Indio enacts emergency ban on data centers as city works to craft long-term policy
Indio halts new data centers for 45 days as residents in neighboring Coachella protest massive tech campuses over water and power concerns.

The Indio City Council voted Wednesday to impose an emergency 45-day moratorium on data centers, joining a regional debate over large-scale computing facilities that has drawn hundreds of protesters to a neighboring city’s council chambers.
The council voted 5-0 to adopt an urgency ordinance halting the establishment, expansion, or intensification of data centers and similar high-intensity computing uses within city limits, effective immediately through July 18.
The action comes as the city of Coachella is set to meet Thursday to consider its own urgency ordinance to initiate a moratorium process, one day after Indio acted.
That discussion follows a series of Coachella City Council meetings that drew hundreds of residents opposed to a proposed development known as the Coachella Valley Technology Campus — a project that could grow to 450 acres and include six data centers under a municipal utility agreement between the city and Stronghold Power Systems Inc.
In Indio, Councilmember Oscar Ortiz initiated the urgency request, citing community concerns.
“Many of our families have expressed to me that they don’t want to see that increase of demand on fossil fuels or increase of demand on water for the purpose of artificial intelligence,” Ortiz said.

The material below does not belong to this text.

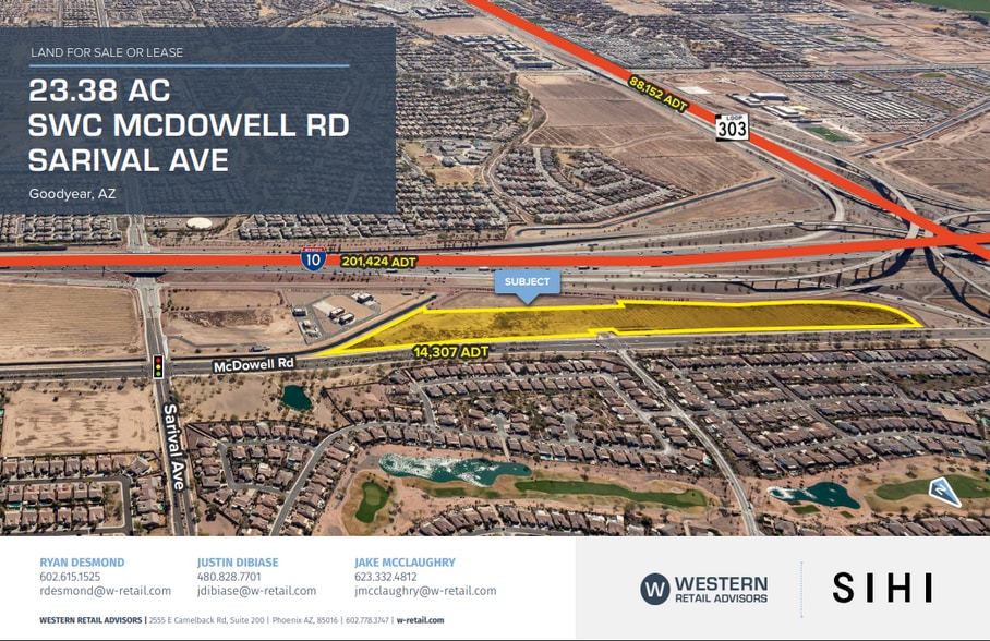 Located at one of Goodyear’s most strategic commercial intersections, this 23.38-acre offering at the southwest corner of McDowell Road and Sarival Avenue presents a rare opportunity to secure a large, highly visible development site in one of the fastest-growing cities in the West Valley. With strong traffic patterns, expansive frontage, and signalized corner positioning, the property delivers the type of exposure and long-term value creation that C-2 land buyers seek. The site benefits directly from Goodyear’s exceptional economic momentum, fueled by sustained residential growth, major employer expansion, and robust demand for new retail, medical, and service-oriented commercial uses. Traffic counts along the McDowell corridor and the Sarival arterial reflect the area’s continued population inflow and support a broad range of development strategies, including multi-pad layouts, retail power components, or a large single-user campus.

The moratorium was added to Indio’s agenda at the start of Wednesday’s meeting, requiring a four-vote supermajority to place it before the council. The item was drafted by the Steven Graham, city attorney, during the meeting itself, modeled on moratoriums the city has adopted in recent years on self-storage sites and gas stations.
The ordinance defines a data center broadly to include any facility used primarily or substantially for housing computer servers, data storage devices, networking equipment, cloud computing, co-location services, artificial intelligence model training, blockchain operations, cryptocurrency mining, or other similar high-intensity computing uses.
Exceptions include customary server or IT rooms incidental to a business’s primary permitted use, ordinary office, retail, school, and hospital functions, public safety and emergency communications facilities, and telecom carrier facilities. Graham confirmed that any applicant with vested rights to develop is not affected by the moratorium.
City staff confirmed that so far, there were no developers seeking to build a data center in the city.
“We may not have any in the pipeline,” Mayor Pro Tem Waymond Fermon said, “But Indio is the biggest city in the Coachella Valley. We have the most land, and that wouldn’t preclude [developers] from at least putting an application in,” he said.
He said quick action was necessary, especially after developers moved to put in gas station applications before the recent moratorium.
“I’m not comfortable leaving any opening for anyone to put an application in,” Fermon said.
Ortiz said the pause was also meant to protect developers from investing time in applications the city may ultimately reject.
“We also don’t want developers to waste their time,” he said. “If we’re going to be having a conversation in 45 days on how to regulate these, then let’s hold off on taking those applications in.”
A broader data center policy is scheduled to go before Indio’s Planning Commission on June 24 before returning to the full council, expected July 15. The council also directed staff to include options for a long-term moratorium or a permanent ban when the matter returns for consideration.